It doesn't matter that 99.99% of the world thinks these bulbs give more light mounted horizontally. A few minutes with a PAR meter tells you otherwise. And, a little thought tells you that the PAR readings are correct. With the bulb horizontal, little of the light from the back half of the bulb can get around the bulb, no matter what the reflector looks like. But, with it vertical, all of the light from the outside of the bulb gets reflected out.


----------



## Hoppy (Dec 24, 2005)

The sockets installed, with plumbers epoxy putty used to hold them in place.










The two sockets wired in parallel, with a single power cord. I put a simple knot in the cord to act as a strain relief.










Tested to make sure both socket switches were on. Once I get the top on, there is no way to turn them on at the sockets.










Gluing the top in place. I pre-drilled vent holes to avoid drilling into the wiring later.

This fixture will go back on top of my riparium nursery tank for now, a 10 gallon tank, but I may set up my 15H tank as a full riparium and use it there, even though I have an AH Supply light for that tank.


----------



## DtEW (Jul 21, 2010)

Hi *Hoppy*. I joined this forum upon reading this thread.

I am new to planted aquariums, but I've been slowly shopping and collecting equipment appropriate to my desired setup, which is a CO2-tank-supplemented ~21.5 gallon (ADA ~24"x~12"x~18") setup.

It seems like I happened upon a similar setup while waiting for the promised Marineland HO LED, which the Marineland rep told me was not going to be available until October. :icon_frow

My rationale (completely unhindered by any studied evaluation of PAR, restrike, etc.) was that I wanted a stopgap lighting setup that I could 1) re-deploy in other usage should the Marineland HO LED turn out to be the Holy Grail of energy-efficient lighting, 2) continue using for the long-term if the long-awaited-LED-in-question turn out to suck, 3) and be able to acquire replacement bulbs for easier than T5HO, PC, etc. Also, T5 is going to be a difficult form-factor to re-deploy in a different usage, so that was out-of-the-question almost instantly.

So I have two of the exact same Home Depot worklight fixtures that you're using, except I don't want to build an enclosure for it, and might even take a reamer/grinding bit to the vent holes to decrease the heat stress on the bulb... which is what brings me to the question of the post.

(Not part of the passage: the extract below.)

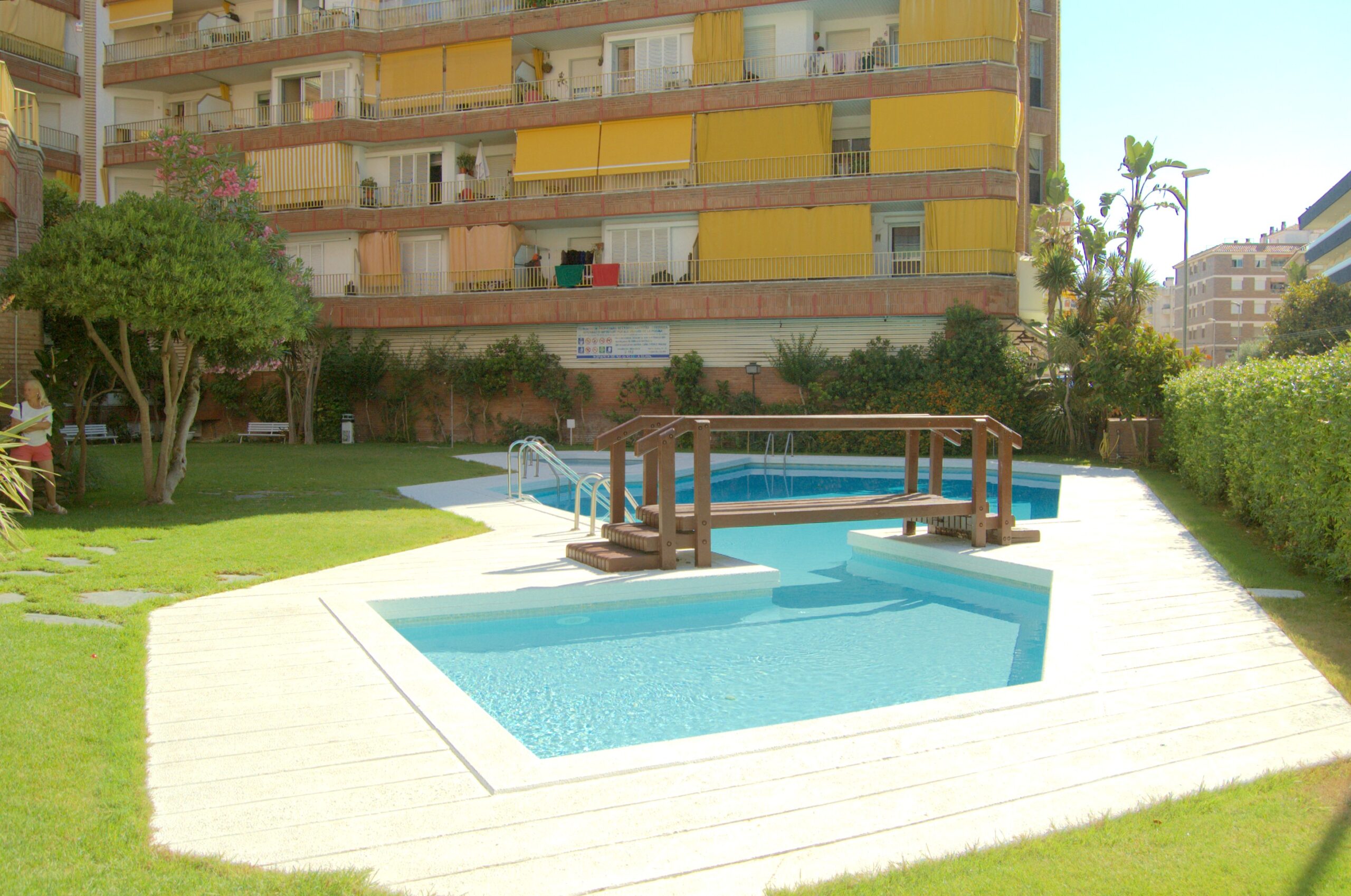 Bonito apartamento en la zona de Fenals, cuenta con dos dormitorios dobles, baño completo con plato de ducha, sala de estar con salida a terraza con vistas a la ciudad y a la piscina. Cocina completamente equipada.

So far I have a pair of the GE 6500K Daylight T2 26w CFLs in these fixtures. I have tried positioning these above the tank about 1-2" above the glass lid... and it seems very bright, almost too bright. No, I do not have a PAR meter, and don't know of a planted aquarium club in my area (can somebody direct me to one?).

So were you conceiving your setup with the 26w CFLs, or the ~15w CFLs? What wattage do you think might be appropriate for my setup? I want to avoid, if possible, the raising of lights to "waste" light.


----------



## Hoppy (Dec 24, 2005)

At 18 inches from the bulb you can get about 40 micromols of PAR with a 23 watt bulb, and you could get 3 of those HD Worklights above a 24 inch long tank. So, that's what I would use. You would probably have low medium light that way, which is adequate for growing most plants, if you also have CO2. My bulbs are 26 watt GE 6500K bulbs, and when I measured the PAR I got about the same results as I would expect with 23 watt bulbs. I have had no heat problems with those, with the reflectors out in the air. I suspect they will get hotter with this enclosure, but it is shaped so there should be good convective air flow to help cool them.


----------



## CL (Mar 13, 2008)

Hoppy, that came out fantastic! Looks very professional as always. I like how you spliced the two cords into one. Great job on a very affordable fixture


----------



## xmas_one (Feb 5, 2010)

Plumbers putty?

Don't tell me that's all you have holding them in there.....


----------



## CL (Mar 13, 2008)

Plumbers epoxy putty is pretty strong, no? If it's the kind that's supposed to be like metal when it hardens, then I used some on a project a week ago and it's very tough.


----------



## Hoppy (Dec 24, 2005)

Epoxy putty, sold as Plumber's putty. It is intended for stopping minor water leaks, sealing various pieces of plumbing, etc. But, it is an easy to use, very thick, fast curing epoxy that I have used for many different projects, including a couple of plumbing leaks. 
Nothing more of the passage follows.